A Python toolbox for face pose augmentation based on 3DDFA [1] and the authors' original Matlab code. Comparing to the Matlab version, we fixed few bugs and improved the algorithm to get better correspondence between the 2D landmarks on the original image and the landmarks on the warped image. This tool has been used in our previous work on the topic of pose-invariant lip-reading [2]. We kindly request you to cite both [1] and [2] should you decide to use this tool in your research.
- Numpy:
$pip3 install numpy
- Sciypy:
$pip3 install scipy
- PyTorch:
$pip3 install torch torchvision
- OpenCV:
$pip3 install opencv-python
- cmake:
$pip3 install cmake
- igraph:
$pip3 install igraph
- matplotlib:
$pip3 install matplotlib
- shapely:
$pip3 install shapely
- cython:
$pip3 install cython
- ibug.face_detection: See this repository for details: https://github.com/hhj1897/face_detection.
- ibug.face_alignment: See this repository for details: https://github.com/hhj1897/face_alignment.
git clone --recurse-submodules https://github.com/hhj1897/face_pose_augmentation.git
cd face_pose_augmentation
pip install -r requirements.txt
pip install -e .
Please install ibug.face_detection and ibug.face_alignment before running this test.
python face_pose_augmentation_test.py [-i webcam_index]
Please install ibug.face_detection and ibug.face_alignment before running this test.
python face_pose_augmentation_main.py -i "samples/images" -o "samples/outputs" -y -20
from ibug.face_pose_augmentation import TDDFAPredictor, FacePoseAugmentor
# Instantiate 3DDFA
tddfa = TDDFAPredictor(device='cuda:0')
# Create the face pose augmentor
augmentor = FacePoseAugmentor()
# Fit 3DMM to the face specified by the 68 2D landmarks.
tddfa_result = TDDFAPredictor.decode(tddfa(image, landmarks, rgb=False))[0]
# Perform pose augmentation
# Note:
# 1. delta_poses should be a Nx3 array, each row giving the delta pitch,
# delta yaw, and delta roll of a target pose. This tool should only be
# used to increase the rotation of face, as it cannot hallucinate
# occluded texture if being used to frontalised the face.
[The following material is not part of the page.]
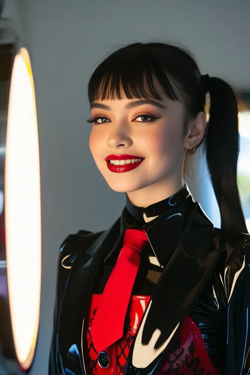 Step into the spotlight with this AI-crafted gothic waitress in a radiant makeup room. Glossy black latex, bold red corset, and daring makeup exude confident allure. Sleek double ponytails, playful smiles, and charismatic eyes amplify her joyous charm. Generate striking latex-fashion visuals with vivago.ai’s AI tools for professional, eye-catching imagery.

# 2. landmarks should be a 68x2 array, storing the coordinates of the 68
# 2D landmarks. This is optional. When this argument is set to None,
# the function will try to infer 2D landmarks from the vertices on the
# 3D mesh.
# 3. This function returns a list of dictionaries, each element storing
# the warping result at a target pose, including the warped image, the
# correspondence map, and landmarks in different styles.
augmentation_results = augmentor(image, tddfa_result, delta_poses, landmarks)
[1] Shiyang Cheng, Pingchuan Ma, Georgios Tzimiropoulos, Stavros Petridis, Adrian Bulat, Jie Shen, and Maja Pantic. "Towards pose-invariant lip-reading." In IEEE International Conference on Acoustics, Speech and Signal Processing (ICASSP 2020), pp. 4357-4361.
[2] Xiangyu Zhu, Xiaoming Liu, Zhen Lei, and Stan Z. Li. "Face alignment in full pose range: A 3d total solution." IEEE transactions on pattern analysis and machine intelligence 41, no. 1 (2017): 78-92.
[3] Jianzhu Guo, Xiangyu Zhu, Yang Yang, Fan Yan, Zhen Lei, and Stan Z. Li. "Towards Fast, Accurate and Stable 3D Dense Face Alignment." in Proceedings of the European Conference on Computer Vision (ECCV 2020), pp. 152-168.